# Regular Expressions in Python

## Introduction
This notebook introduces **regular expressions** (regex) in Python, focusing on their use for pattern matching and text manipulation. By the end of this notebook, you will be able to:
- Use basic string methods for text manipulation.
- Understand and apply regular expressions for pattern matching.
- Solve real-world text processing tasks using regex.

Python provides several built-in string methods for text manipulation. Let's start with a simple example using the `split()` method. String methods such as `split()` are useful for extracting portions of a string.

In [None]:
string = '9 13 and 15 are odd numbers.'
string.split()

['9', '13', 'and', '15', 'are', 'odd', 'numbers.']

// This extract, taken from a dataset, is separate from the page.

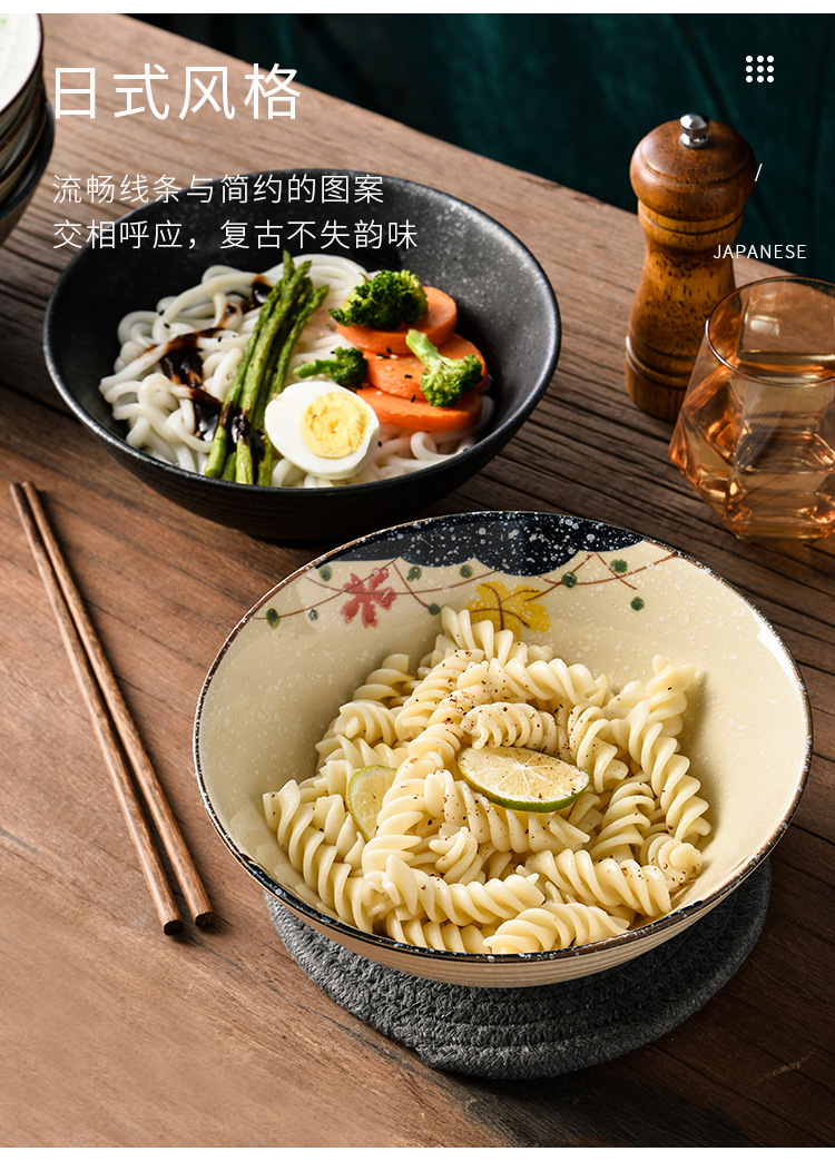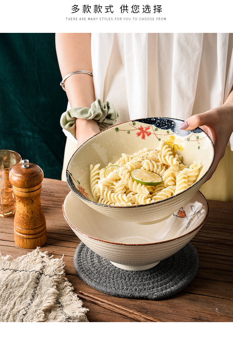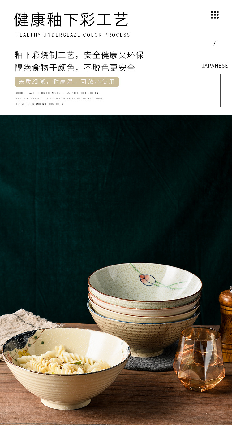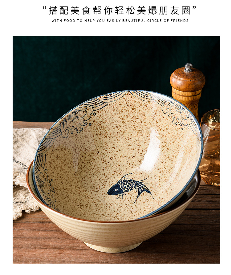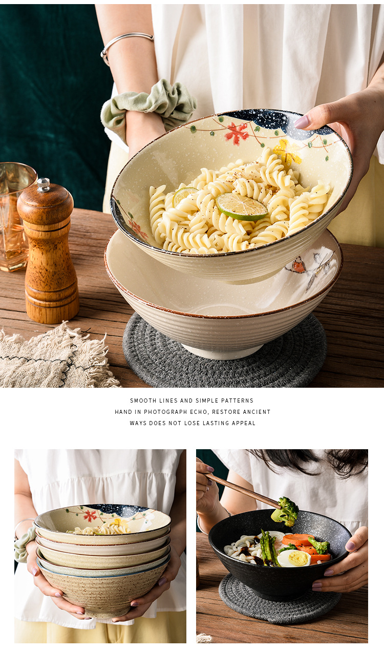 Creative Japanese-style Ceramic Bowl Underglaze Color Hand-painted 8-inch Noodle Bowl Soup Bowl Large Bucket Bowl Household Tableware Bowl
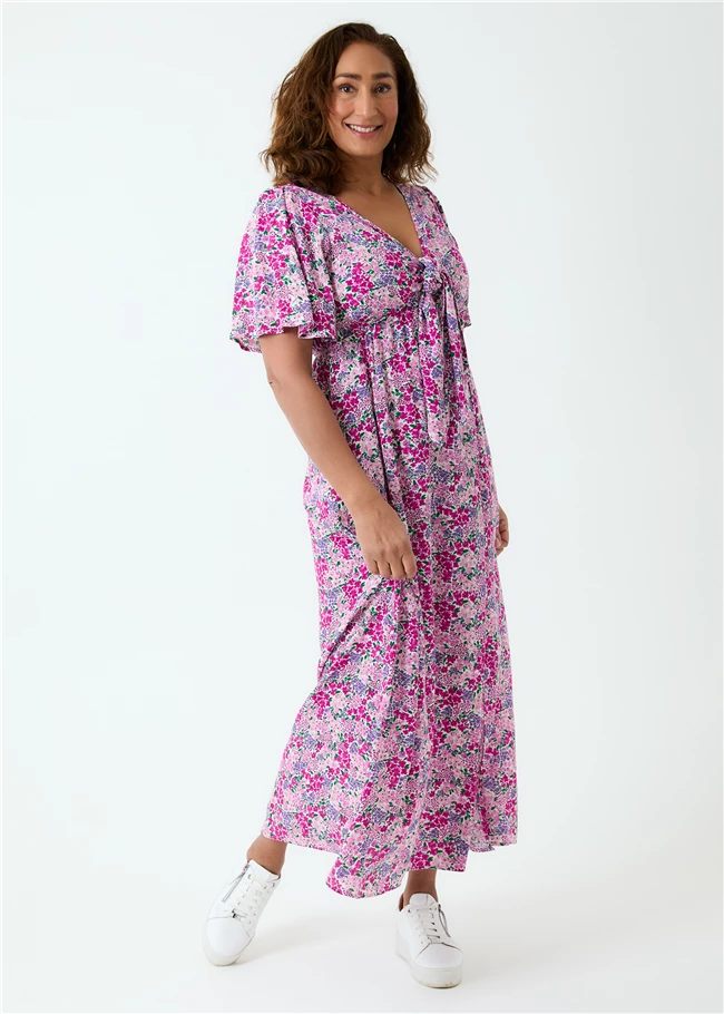 Add an element of elegance to your summer wardrobe with our ditsy print bust tie dress. The adjustable tie and under bust elastic ensures a figure flattering look, while the floaty short sleeves fall add a feminine flair.

This could be used to find the numbers in a string.

In [None]:
string = '9 13 and 15 are odd numbers.'
numbers = []
for item in string.split():
    if item.isdigit():
        numbers.append(item)
print(numbers)

['9', '13', '15']


However, string methods have limitations when dealing with complex patterns. For example, if the string contains commas or other delimiters, split() may not work as expected. Let's run the solution above on the same string with a comma between 9 and 13.

In [None]:
string = '9, 13 and 15 are odd numbers.'
numbers = []
for item in string.split():
    if item.isdigit():
        numbers.append(item)
print(numbers)

['13', '15']


9 is missing because split returns `'9,'` instead of `'9'`.

In [None]:
'9,'.isdigit()

False

There are many ways to solve this issue. One way is to remove commas from the string.

In [None]:
# Solution 1
string = '9, 13 and 15 are odd numbers.'
string_wo_comma = string.replace(',', '')
numbers = []
for item in string_wo_comma.split():
    if item.isdigit():
        numbers.append(item)
print(numbers)

['9', '13', '15']


# Regular Expressions
But as more complexities arise, it will be harder to handle all using string methods. This task of searching and extracting is so common that Python has a very powerful
module called *regular expressions* that handles many of these tasks quite elegantly.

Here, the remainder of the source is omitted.